EXERCISE GOAL: When you copy the material below, keep every line exact and leave each picture out.

SUPPLIED INFORMATION:
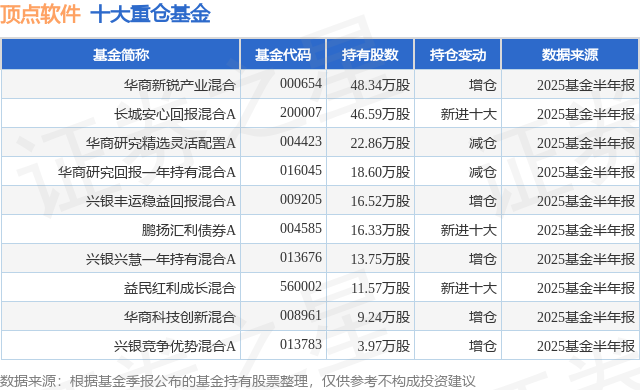 根据2025基金半年报公募基金重仓股数据,重仓该股的公募基金共21家,其中持有数量最多的公募基金为华商基金的华商新锐产业混合。华商新锐产业混合目前规模为10.17亿元,最新净值1.859(8月15日),较上一交易日上涨1.53%,近一年上涨45.01%。该公募基金现任基金经理为童立。童立在任的基金产品包括:华商研究精选灵活配置A,管理时间为2017年12月21日至今,期间收益率为190.6%;华商科技创新混合,管理时间为2020年3月6日至今,期间收益率为83.86%;华商研究回报一年持有混合A,管理时间为2023年3月7日至今,期间收益率为10.74%。
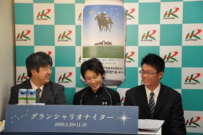 ホッカイドウ競馬の全レース終了後、その日のレース解説や次週の注目レースの展望などを紹介する「来週の展望」(火・水は、明日の展望) に本日の第13回北海道スプリントカップ(JpnⅢ)、ポートジェネラル号に騎乗した高知のリーディングジョッキー赤岡修次騎手がスペシャルゲストとして登場しました。リニューアルとなった門別競馬場「グランシャリオナイター」の感想や来月7月24日から始まる高知の「夜さ恋ナイター」への抱負について笑顔をまじえ話していただきました。
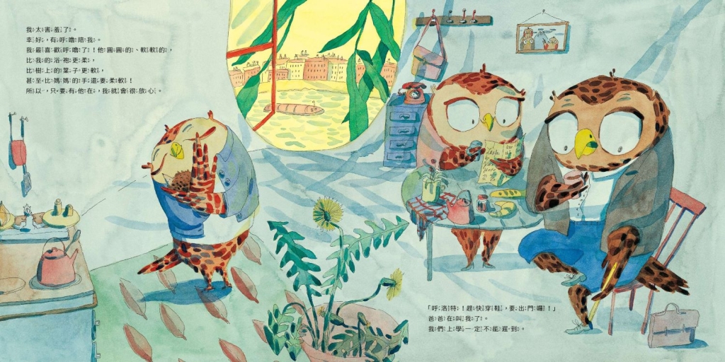 全書以水彩呈現,繽紛的色調加上樹影明暗的運用,呈現搖曳舒心的鬆動感,於封面處更藉此光影,聚焦在呼洛特身上;結合貓頭鷹大大的眼睛特質,讀者很自然的與之對望,不曉得從這雙大眼睛及牠的表情、肢體,您讀到了什麼?

EXPECTED ANSWER:
 根据2025基金半年报公募基金重仓股数据,重仓该股的公募基金共21家,其中持有数量最多的公募基金为华商基金的华商新锐产业混合。华商新锐产业混合目前规模为10.17亿元,最新净值1.859(8月15日),较上一交易日上涨1.53%,近一年上涨45.01%。该公募基金现任基金经理为童立。童立在任的基金产品包括:华商研究精选灵活配置A,管理时间为2017年12月21日至今,期间收益率为190.6%;华商科技创新混合,管理时间为2020年3月6日至今,期间收益率为83.86%;华商研究回报一年持有混合A,管理时间为2023年3月7日至今,期间收益率为10.74%。
 ホッカイドウ競馬の全レース終了後、その日のレース解説や次週の注目レースの展望などを紹介する「来週の展望」(火・水は、明日の展望) に本日の第13回北海道スプリントカップ(JpnⅢ)、ポートジェネラル号に騎乗した高知のリーディングジョッキー赤岡修次騎手がスペシャルゲストとして登場しました。リニューアルとなった門別競馬場「グランシャリオナイター」の感想や来月7月24日から始まる高知の「夜さ恋ナイター」への抱負について笑顔をまじえ話していただきました。
 全書以水彩呈現,繽紛的色調加上樹影明暗的運用,呈現搖曳舒心的鬆動感,於封面處更藉此光影,聚焦在呼洛特身上;結合貓頭鷹大大的眼睛特質,讀者很自然的與之對望,不曉得從這雙大眼睛及牠的表情、肢體,您讀到了什麼?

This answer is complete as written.